The most elegant way to communicate with a driver from the user-space application is the ioctl. Let’s implement our ioctl beside the open, release, and read in the file_operations.

Define your hardware-specific commands and call them from the main-ioctl function. For example define LED_ON and LED_OFF operation, and call led_on() and led_off() function from a switch-case from the main-ioctl. These hardware-specific command-functions should implement the exact device access by reading and writing its registers.

At this point, you should open your device’s documentation, register map, or their example code, how to control their device. In an ideal word, no error would appear… but what should we do if the device won’t do what we want? How to debug at this point?

Debug tips:
Again, the printk, dmesg pair is a good debugging tools, but I suggest another mechanism beside them. A useful debug tool can be the busybox command (not the software suite). You can read/write to/from a physical address with this. For this, you will need the BAR of the PCI. But what is this?

The BAR (Base Address Register) shows where the device memory region(s) has been mapped to in the Linux’s memory. The memory mapping is done during the bus enumeration, so when the device is visible in the lspci, the BAR(s) has been set already. Let’s see lspci:

user@mypc:~$ lspci -v
0005:01:00.0 Memory controller: NVIDIA Corporation Device 8034
Subsystem: NVIDIA Corporation Device 0001
Flags: bus master, fast devsel, latency 0, IRQ 39
Memory at 1f40000000 (32-bit, non-prefetchable) [size=512M]
Memory at 1f60000000 (32-bit, non-prefetchable) [size=64K]

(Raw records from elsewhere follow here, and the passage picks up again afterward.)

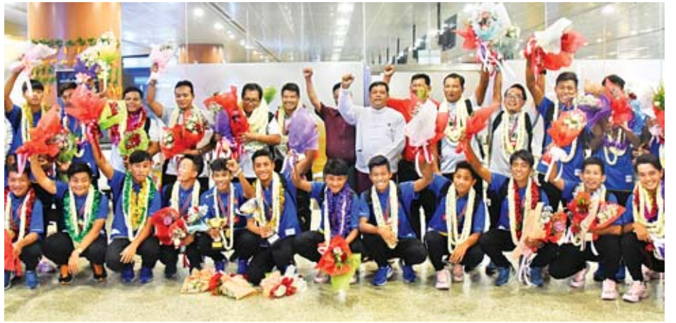
မြန်မာ ယူ-၁၈ အသင်းသည် မတ်လက ယှဉ်ပြိုင်သည့် ဗီယက်နမ် ယူ-၁၉ ဖိတ်ခေါ်ပြိုင်ပွဲတွင် အောင်မြင်မှုမရခဲ့

မြန်မာ ယူ-၁၈ အသင်းသည် ဟောင်ကောင်ဖိတ်ခေါ်ပြိုင်ပွဲတွင် ရှုံးပွဲမရှိဘဲ နှစ်ပွဲနိုင်၊ တစ်ပွဲသရေ ခုနစ်မှတ်ဖြင့် ဗိုလ်စွဲခဲ့ခြင်းဖြစ်သည်။ မြန်မာ ယူ-၁၈ အသင်းသည် အိမ်ရှင်ဟောင်ကောင်အသင်းကို နှစ်ဂိုး-ဂိုးမရှိ၊ စင်ကာပူအသင်းကို နှစ်ဂိုး-တစ်ဂိုးဖြင့် အနိုင်ရကာ ဗီယက်နမ်အသင်းနှင့် ဂိုးမရှိသရေကျပြီး ခုနစ်မှတ်ဖြင့် ဗိုလ်စွဲခဲ့ခြင်းဖြစ်သည်။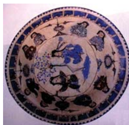
تصویر ۲۲. کاسه مینایی، ایران، مأخذ: گروبه، ۱۳۵۴: ۱۹۰

اواخر عصر سلجوقیان و شروع دوران خوارزمشاهیان در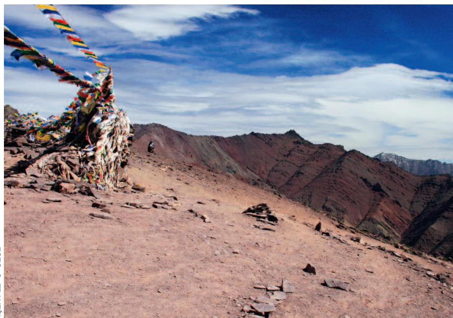
Knutpunkten tar oss till oanade höjder.

Capabilities: [80] Power Management version 3
...

In this case, we have two BARs that have been mapped to 0x1f40000000 and 0x1f60000000 respectively. Reading and writing the device registers have to be offset by these addresses. So take an arbitrary register address from the device’s documentation, and add to the proper BAR to access it:

busybox devmem <BAR + device_register> # Read a register
busybox devmem <BAR + device_register> w <value> # Write a register

This, busybox devmem can be a handy debug tool. You can check all of your registers after your faulty driver.

Note that using the busybox command, you can control your PCIe device without your device driver (right after that the device is visible in the lspci). Sure, this is not what we want, but it is a handy way of board bring-up.

+1 Concurrency

Photo by Jonathan Chng on Unsplash

Concurrency is crucial and not a negligible part of device drivers. You can say that you will use the driver only in one application, which runs on only one thread (which seems a hard limitation), but what about the hardware interrupts? If you handle the interrupts from the hardware in your driver (i.e., registering your callback with request_irq()) you have to care about the data coherency and thread-safety.

There are many great descriptions about thread safety on the internet, so I won’t explain how to do it. I just want to highlight that concurrency is a real and challenging topic in device drivers. First, I suggest modeling your driver’s race conditions in any higher-level language (Java, Python), which can handle crash and deadlocks without the system crash. Then I would implement the same in C, but in a simple hello_thread application. Then when these models have passed, I would implement the locks and mutex in my driver.

Please check out the Concurrency and Race Conditions chapter of the LDD, which describes which lock has to be used and where to prevent deadlocks and incoherent data access..

Sum

However, Linux device driver development is not an easy task, but this article is not for threatening you. It just gives steps for developing. I highly recommend using this step by step methodology. And do not enter the next step if you have problems with a former one. What’s more, check what step you are in before posting your issues on forums. You will be able to ask the right question if you know what step has been failed.

So let’s develop device drivers step by step!

Open heart, open source. I’m FPGA developer.